Подобный жест мы видим и в довоенных стихах Маяковского, например в стихотворении "Ночь". Посмотрите, разве это описание?
Багровый и белый отброшен и скомкан,
в зеленый бросали горстями дукаты,
а черным ладоням сбежавшихся окон
раздали горящие желтые карты.
И "бросали горстями дукаты", и "раздали горящие желтые карты" – это, конечно, то же самое в смысле модели, что "жуками сыплет сонный сад": единое разлетается на части-элементы.
Литературный манифест футуристов "Труба марсиан" начинается словами (видимо, сочиненными Хлебниковым): "Мозг людей и доныне скачет на трех ногах (три оси места)! Мы приклеиваем, возделывая мозг человечества, как пахари, этому щенку четвертую ногу, именно – ось времени".

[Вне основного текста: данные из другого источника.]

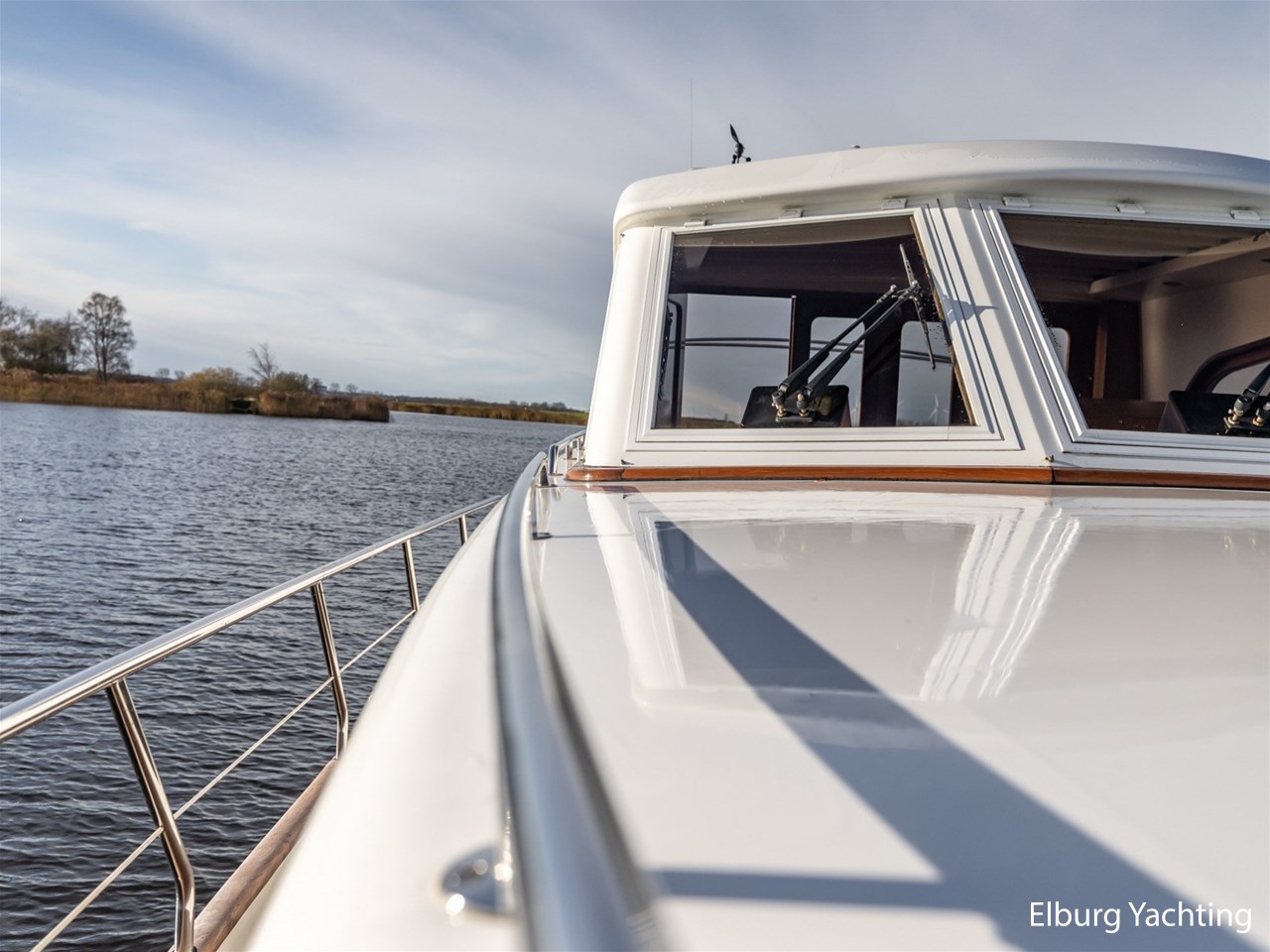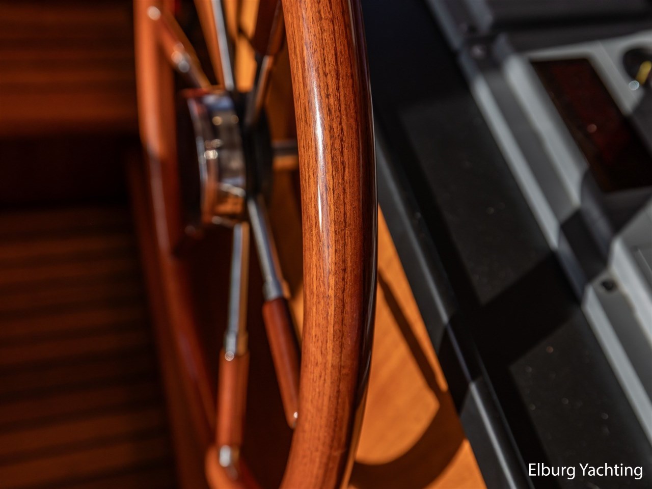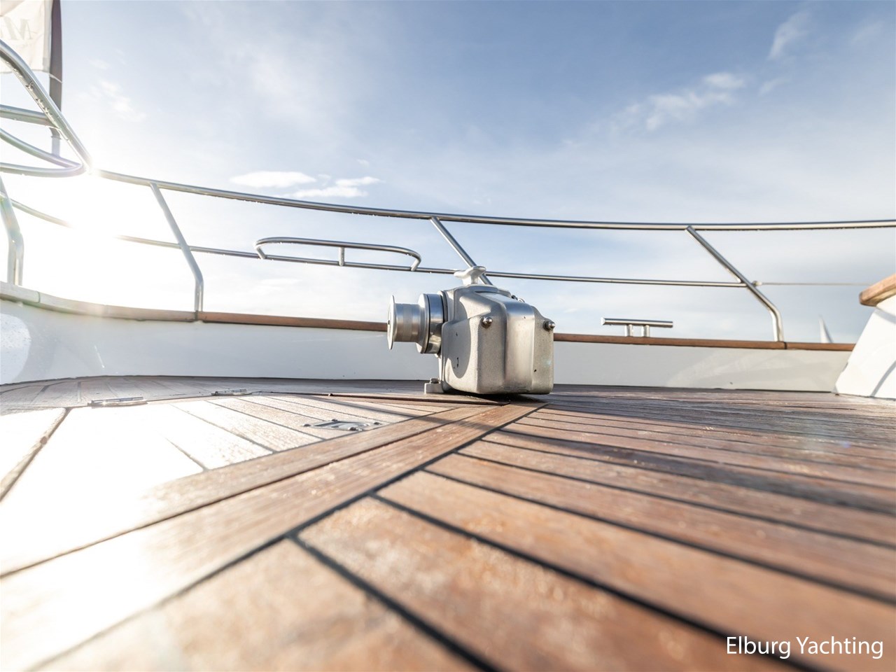 Het onderwaterschip is in diezelfde periode gestraald en behandeld met nieuwe antifouling. In 2023 is groot motoronderhoud uitgevoerd, inclusief de plaatsing van twee nieuwe turbo’s. In 2024 is aanvullende service aan de motoren uitgevoerd. Het jacht is voorzien van schroefassen en vierblads schroeven. De generator is in mei 2025 geserviced. De kruissnelheid bedraagt ca. 8 knopen bij 2500 rpm, met een maximale snelheid van ca. 11 knopen bij 3300 rpm. De economische vaarsnelheid ligt rond de ca. 7 knopen bij 2200 rpm. Qua uitrusting is het jacht voorzien van een uitgebreid en recent vernieuwd Raymarine-navigatiesysteem met onder andere twee Axiom 12” displays, radar, AIS, GPS, autopilot met afstandsbediening, VHF, windmeter en een camera op de radarboog. In 2023-2024 is er een nieuwe hekschroef met afstandsbediening aangebracht, naast de bestaande boegschroef. De kussens op het voordek zijn aanwezig en in 2023-2024 vernieuwd. Verder is het jacht uitgerust met RVS fenderhouders en een zoeklicht. Volledige documentatie van de werkzaamheden is op aanvraag beschikbaar.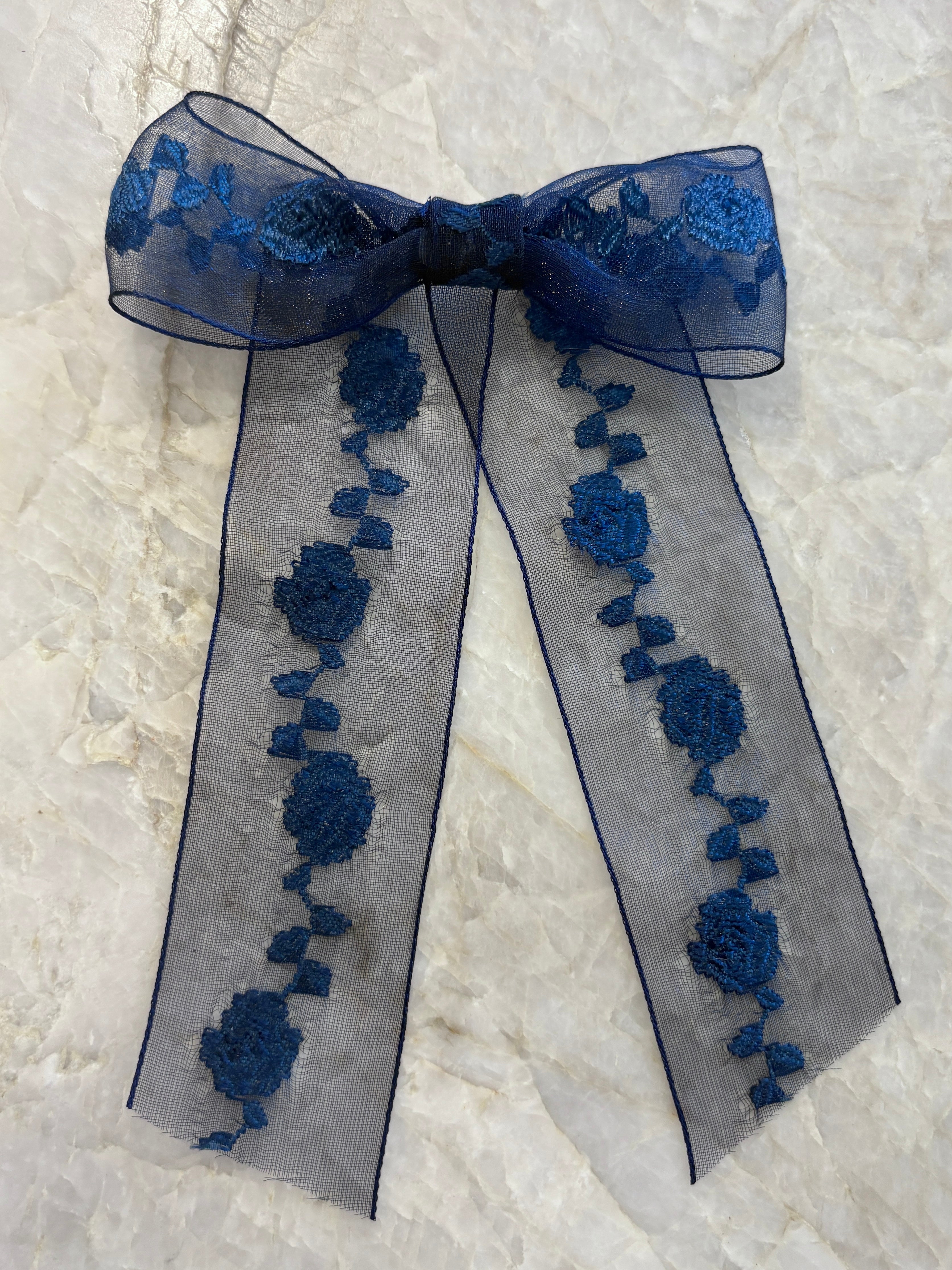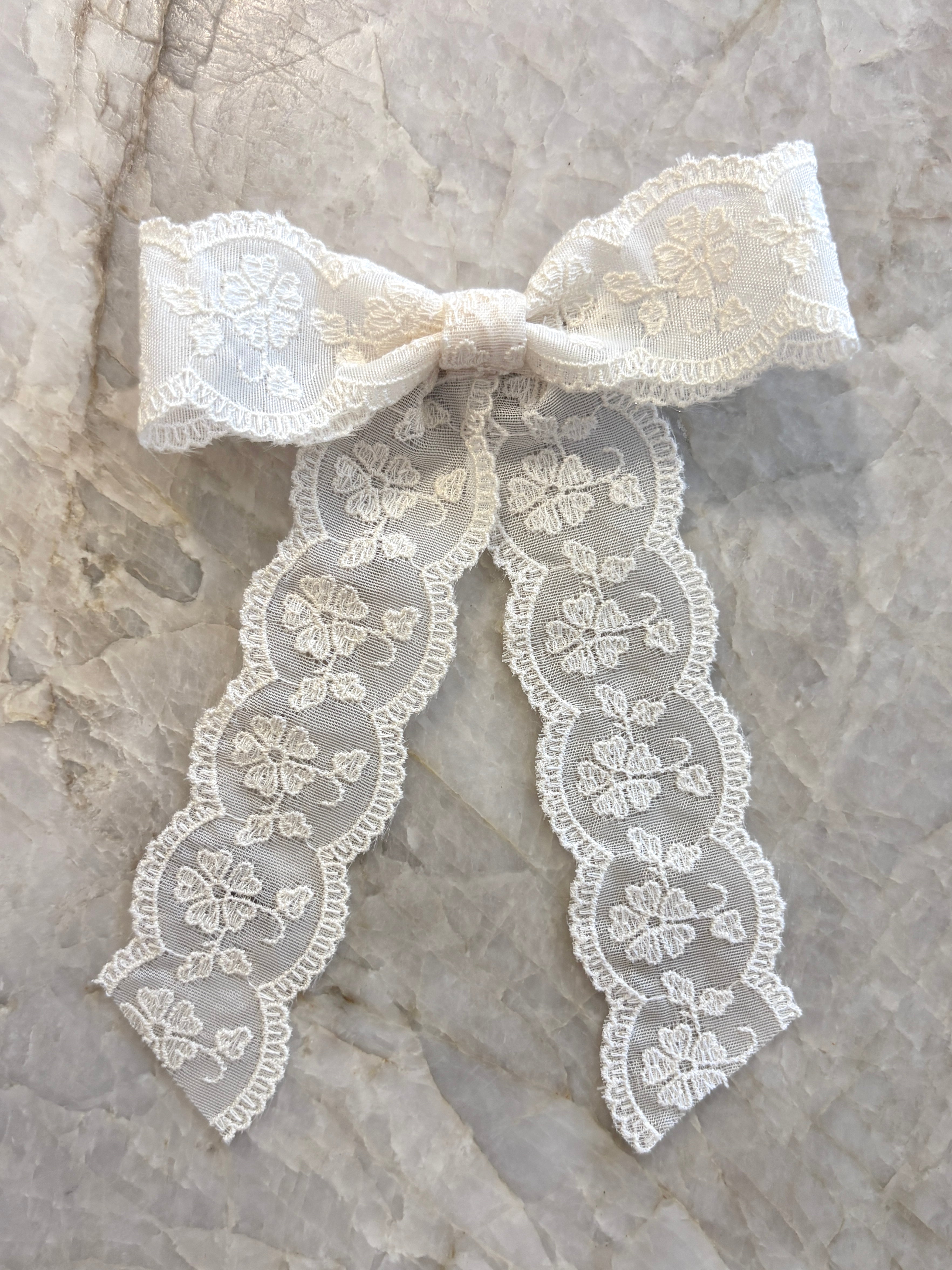 Clip-in hair bows, handmade from lace ribbon with alligator clip. Each bow is approx 4" wide and 6" tall, sold individually.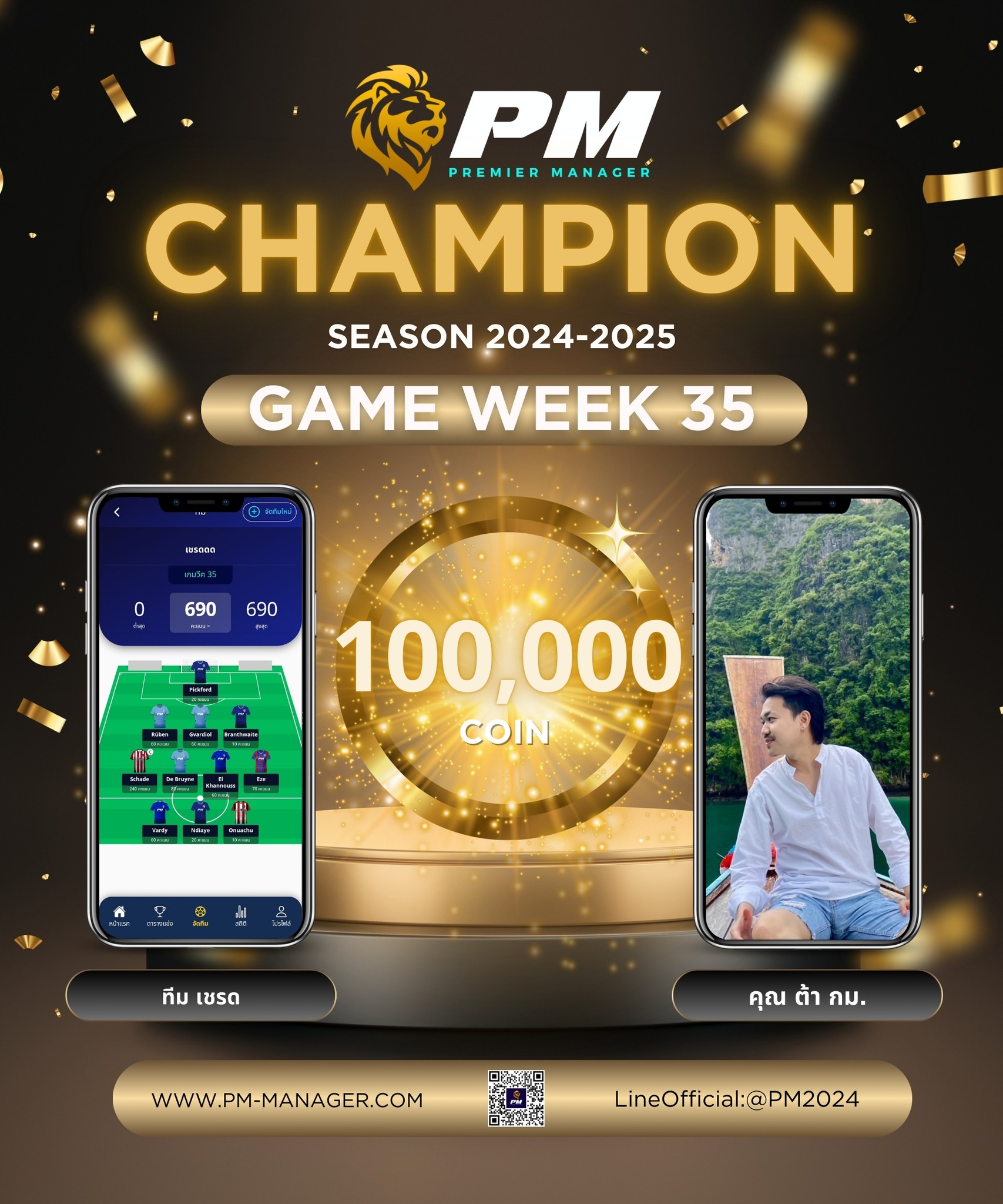 PM-Manager เกมวีคที่ 35 (GW35) ได้ผู้ชนะไปเป็นที่เรียบร้อย ได้แก่ทีม เชรดดด ของคุณ ต้า กม. ที่โกยแต้มไป 690 คะแนนในสัปดาห์นี้ คว้ารางวัลจำนวน 100,000 coin ไปครอง
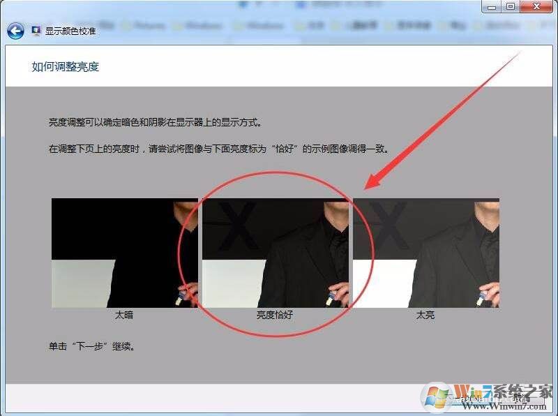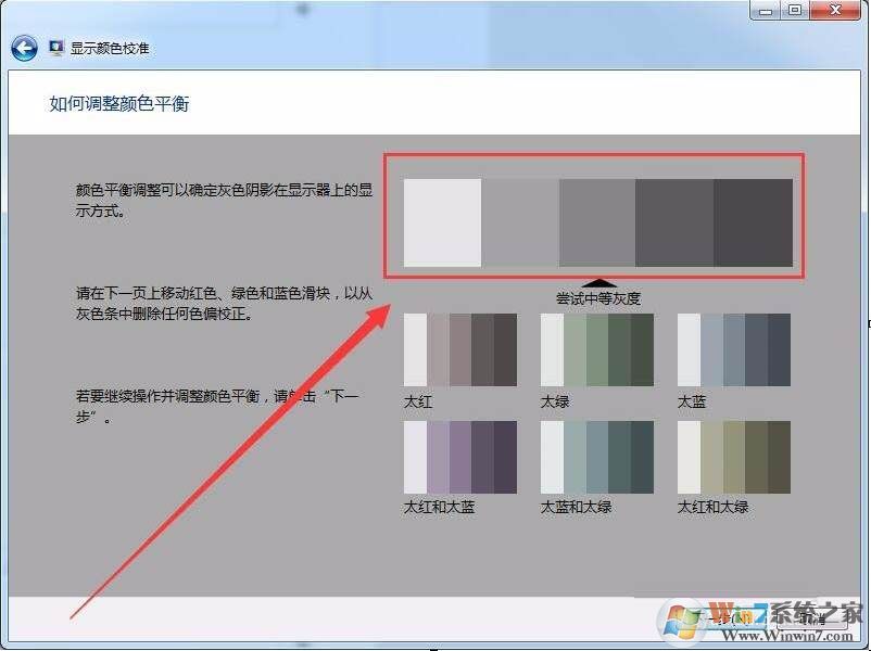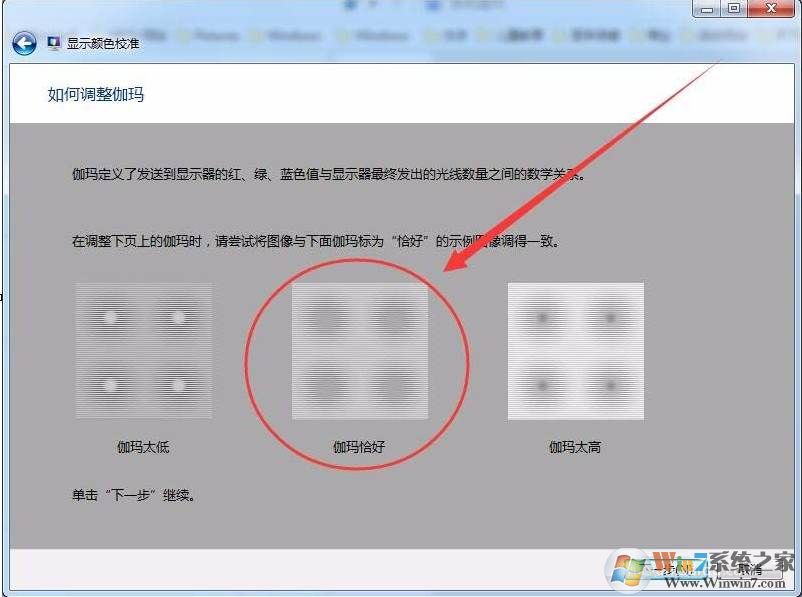 7、接下来调整伽玛色,需要调整显示器显示与中间的画面一致,单击下一步。

Звучит глупо (как часто бывает в литературных манифестах). Есть ли в этом выкрике что-то еще, кроме голого вызова? Странная вещь, но если сопоставлять произведения предсимволистов и символистов с произведениями постсимволистов (как бы они ни назывались – футуристы, акмеисты и т. д.), то, говоря образно, метафорически (хотя я не думаю, что это просто метафора), мы видим, как пространство сменяется временем. В одной из статей Хлебников зовет "в страну… где время цветет как черемуха и двигает как поршень". Вот перед нами пространство (стихотворение Блока 1912 года):
Ночь, улица, фонарь, аптека,
Бессмысленный и тусклый свет.
Живи еще хоть четверть века -
Всё будет так. Исхода нет.Умрешь – начнешь опять сначала
И повторится всё, как встарь:
Ночь, ледяная рябь канала,
Аптека, улица, фонарь.
Посмотрите: время замкнуто в круг, в кольцо, и перед нами – пространство: неподвижный набор предметов. (Обратите внимание и на то, что в стихотворение словно вставлено ледяное зеркало, отражающее первые две строки в двух последних.)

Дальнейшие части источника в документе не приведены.